I also had a bad feeling, even though the guy was polite, just had a bad feeling when I called the Seattle FBI. I don't know why. The guy didn't blow me off, but then he was saying I might want to get a lawyer. I said why would I need a lawyer? and he said, "To make sure you're doing things the right way." I just had a bad feeling.

And honestly, when I write that, I know it's right. My gut instincts tell me I am right about something not being right over there or with my calling there. I know I need to find out who was trying to smear me over there.

This is sort of the second time, too, that I felt I have had pressure or a veiled warning about not making any complaint to try to have my rights respected. Wenatchee officers try to blow things off and then the FBI does, if they're not blocking or ignoring reports, they are telling people that THEY might want to "get a lawyer" and make sure "you're doing the right thing." Something just stinks over there.

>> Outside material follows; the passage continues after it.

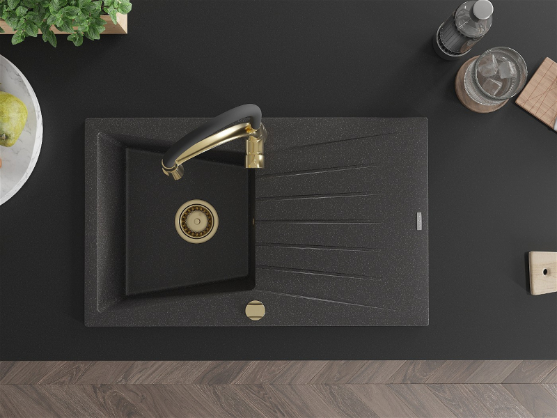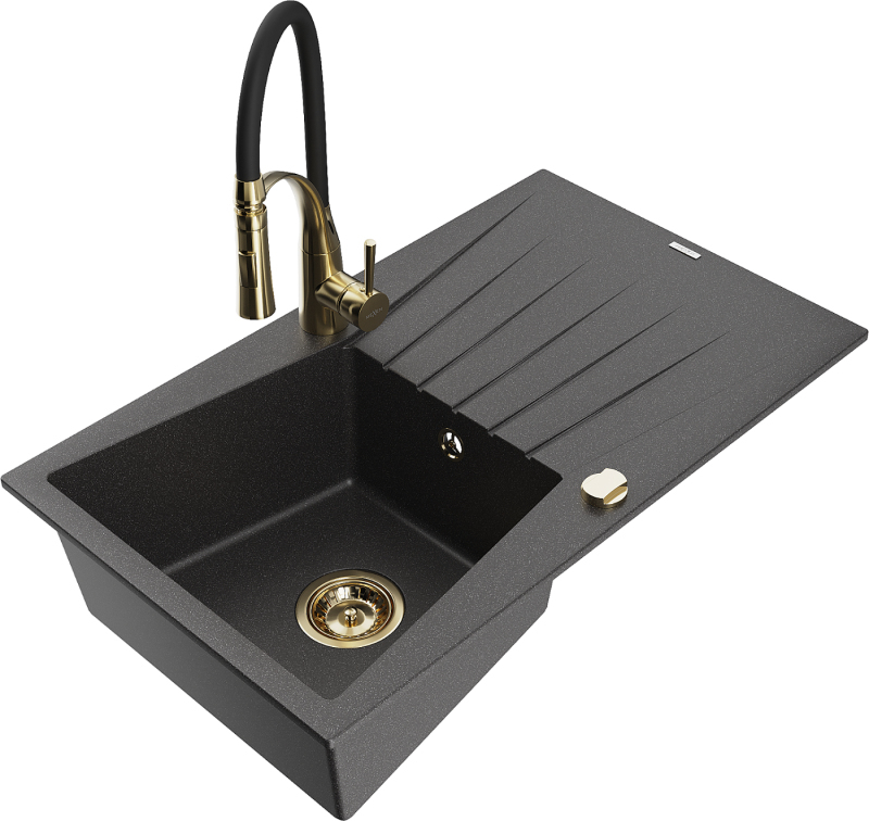 Mexen Cesar, 1-miskový granitový drez s odkvapkávačom a kuchynskou batériou Aster, škvrnitá čierna - 6514-76-73450-57-G

I almost feel like, the real issue might be that there are some very bad people that are against me and some are in those forces and that maybe the good ones are not in the police at all...it's like they want to strip me of everything and of my son and then want to threaten me not to speak up for myself or my son. Something is different too, because where they were pissed and hostile before, now they are acting confident and up but, I feel, sort of threatening me or trying to warn me, maybe not to report on THEIR guys when they're the ones who need to be reported.

I don't know what my radar is telling me, other than that someone or some group which I don't think is the best one, thinks they have the upper hand.

I know I'm right. I feel immediately that it is confirmed with me and something is true, like the holy spirit or someone affirming with me in spirit and praying for me. I know I'm right about my gut instincts but I am not sure what it's regarding. I need information from the right people, as to what is going on and what things continue to be planned or plotted against me. And I need to know who my son's real defenders are because I don't think my son and I know who the good team is. I know a lot of people have tried to screw us over, and that means my whole family, but most importantly, me and my son period.